The BEAD program is designed to cover some of the costs of deploying broadband to unserved and underserved rural areas and the digital equity program is designed to advance digital equity, promote digital inclusion activities, and spur greater broadband adoption.

Both programs are to be administered by the states under the supervision of the National Telecommunications and Information Administration (NTIA). But before funding can be released, the states must designate the agency that will be responsible for making awards and the NTIA must approve the state’s plans for the programs. The letters of intent are the first step in the process.

The NTIA has overall responsibility for both funding programs, as well as several others that it will administer itself and that were created in the Infrastructure Investment and Jobs Act, which has a total budget of $65 billion for broadband.

States will have to conform to guidelines established by NTIA in making funding awards through the digital equity and BEAD programs but will have some leeway. For example, NTIA chief Alan Davidson has said that he expects less costly but also less powerful technologies such as satellite broadband to play a greater role in some states than in others.

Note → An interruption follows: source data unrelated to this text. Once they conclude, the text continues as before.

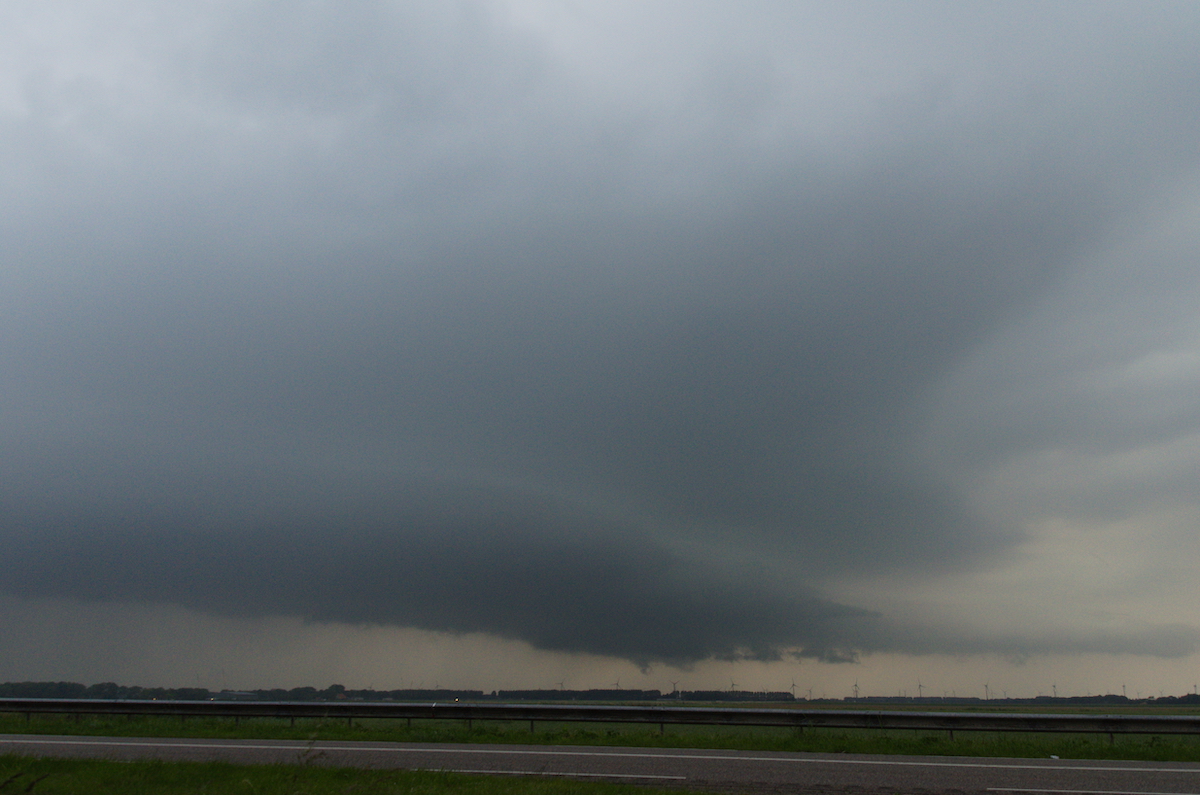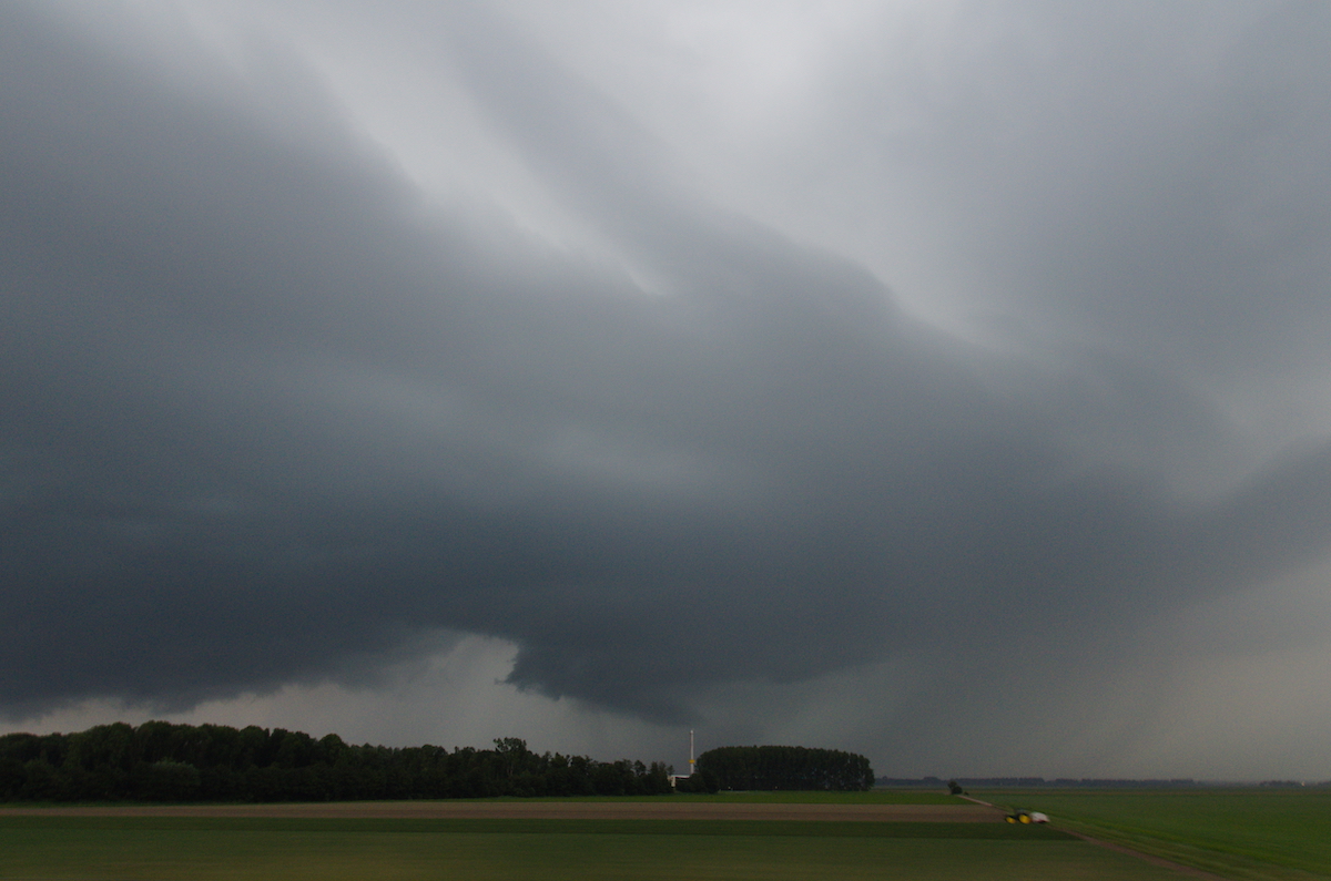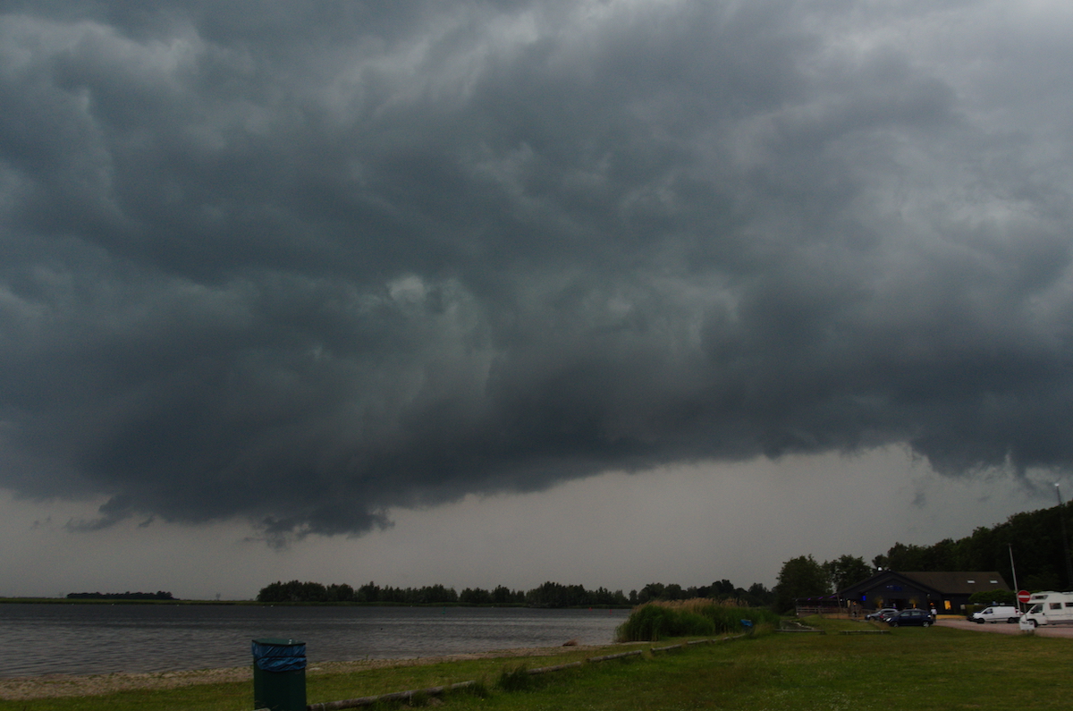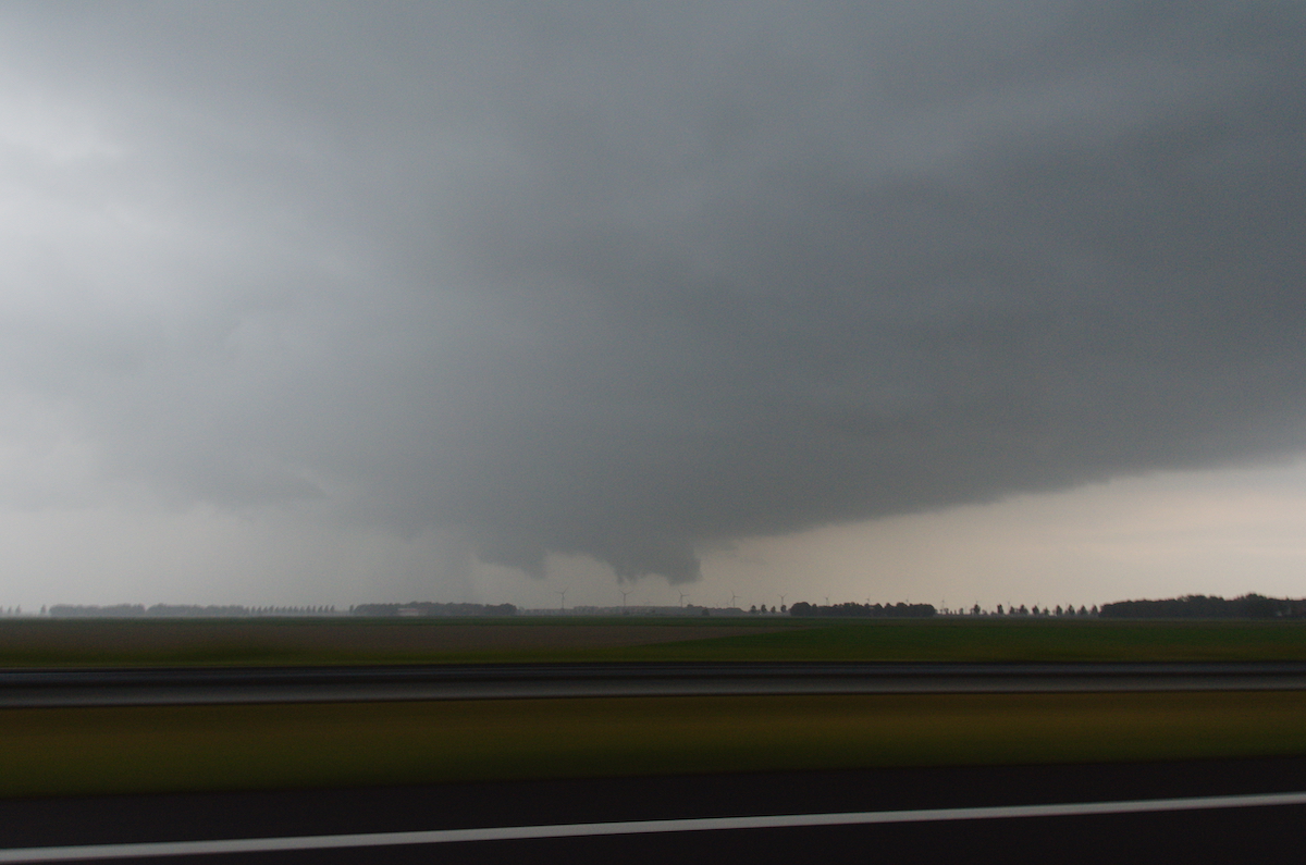 Aan de westkant van Emmeloord hebben we een plek gezocht om alles te volgen. Nu en dan leek het dicht bij een hoos te komen.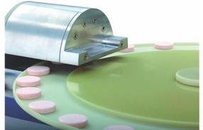 Für eine vollständige Kontrolle an einer Tablettenpressmaschine müssen die Tabletten lediglich am Maschinenausgang durch einen Sensor geleitet werden, mit dem die Masse und Feuchte bestimmt werden.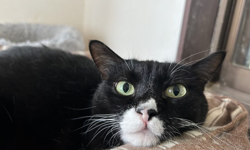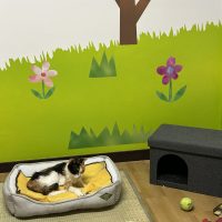 猫さんルームではコタくんがガラスの汚れを見つけて必死に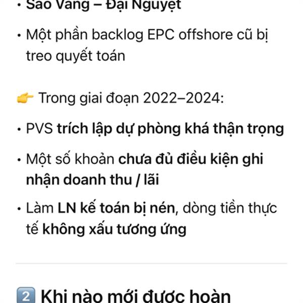Đợt này PVD dẫn sóng sẽ kéo theo PVS. Bởi vì cá mập quỹ ngoại đang gom PVS do backlog đạt khoảng 3 tỷ đô la mỹ. Quý 1/2026 khả năng cao sẽ hoàn nhập khoảng 600-700 tỷ dự phòng. Đấy là lý do doanh thu ...Thêm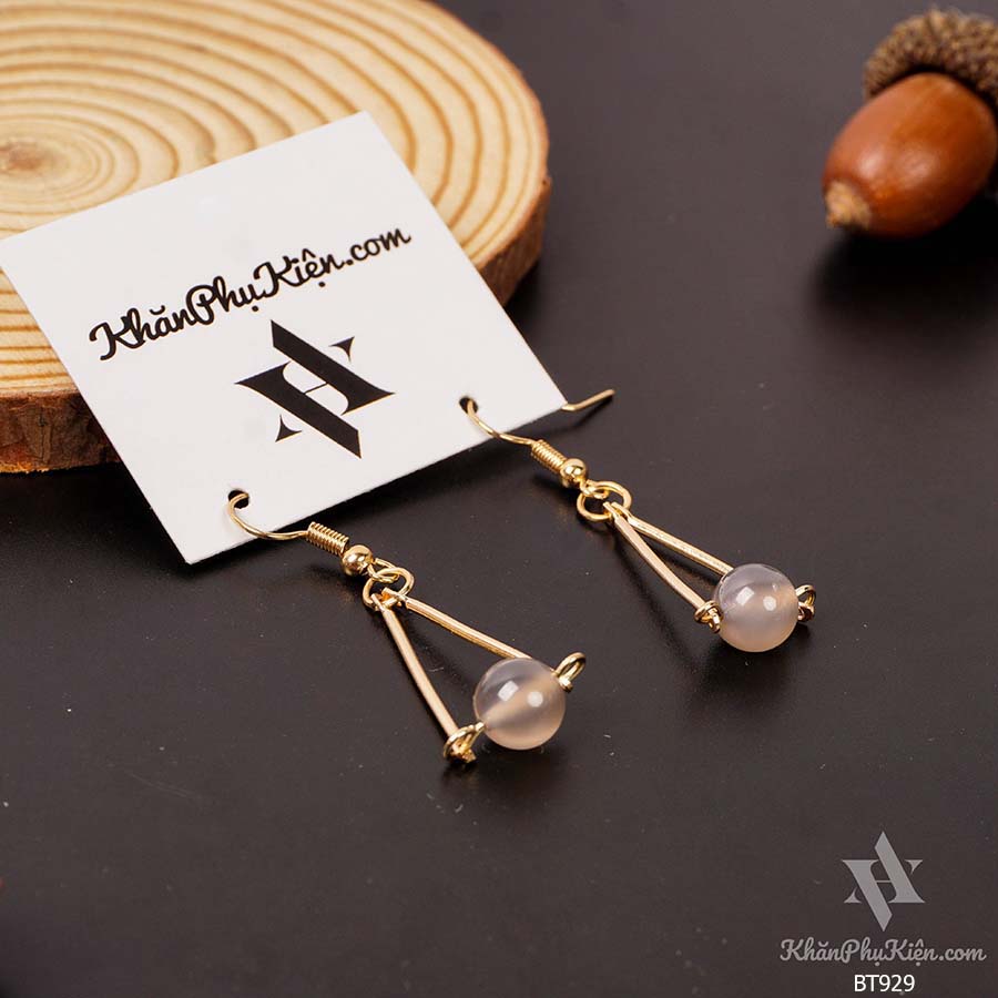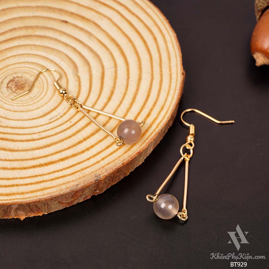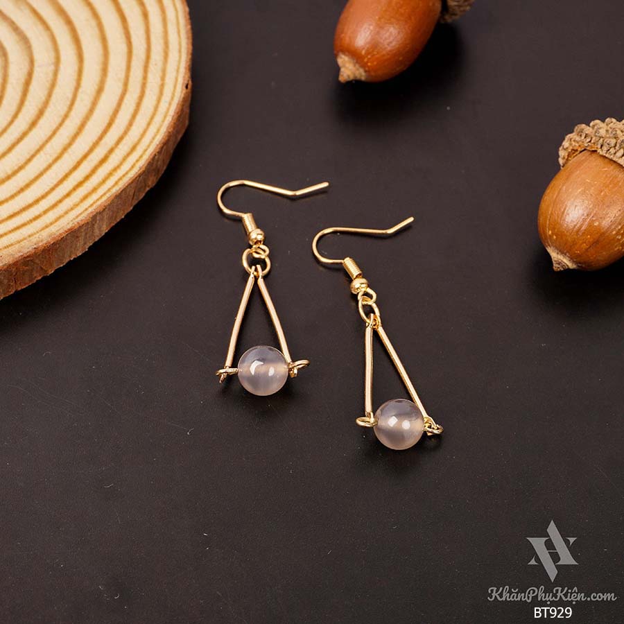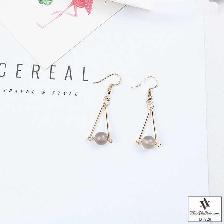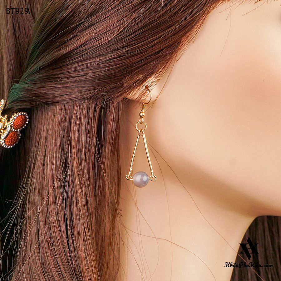Bông Tai Form Dài Hình Tam Giác Phối Hạt Màu Tím Mạ Vàng - Mã BT929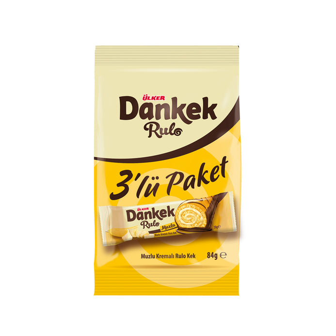 Ulker Dankek Banana Cream Roll Cake is a delightful Turkish treat featuring soft sponge cake rolled with smooth banana-flavored cream. This 3-pack is perfect for sharing or enjoying as a quick snack anytime. With its rich flavor and moist texture, this mini cake brings a taste of Türkiye’s beloved bakery culture right to your doorstep.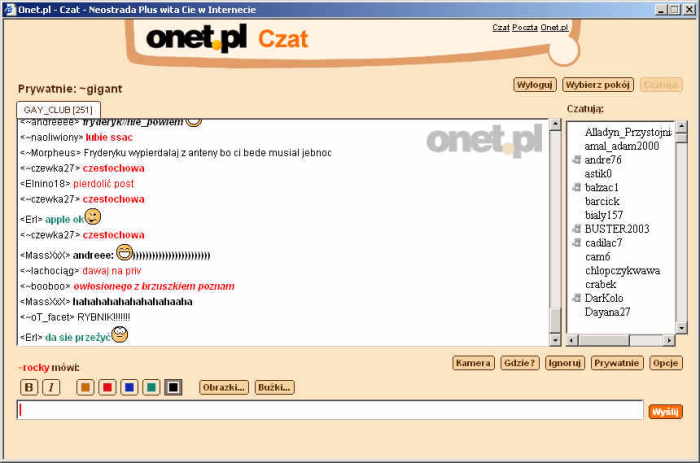 Więc od około 2000 roku prowadziłem wirtualny klub dla osób o odmiennej orientacji seksualnej pod nazwą GAY_CLUB w portalu www.onet.pl działu czatu pod adresem www.czat.onet.pl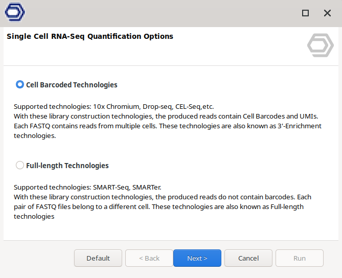 Go to transcriptomics → Single Cell RNA-Seq → Single Cell RNA-Seq Quantification. A new wizard will be opened (Figure 1). On the first wizard page, select the type of technology used during the library preparation step. Please refer to the above introductory section for more details. Depending on the type chosen, the following pages will display different configuration parameters.

The funding allocated to each state for the BEAD program will depend on the number of unserved high-cost locations in the state, with each state receiving at least $100 million. Exact funding per state won’t be known until the FCC completes the project of updating the National Broadband Map, which will detail where broadband is and is not available.

That information is expected to be available later this year. Unserved locations are defined as those lacking broadband at speeds of at least 25 Mbps downstream and 3 Mbps upstream. 

According to an NTIA press release, all U.S. territories also have submitted letters of intent to participate in the BEAD and digital equity programs. Letters of intent for the digital equity program were due July 12 and letters of intent for the BEAD program were not due until July 18.

The Biden administration has been using the term “Internet for All” to describe the various broadband funding initiatives that were created in the IIJA and other legislation adopted over the last year or so.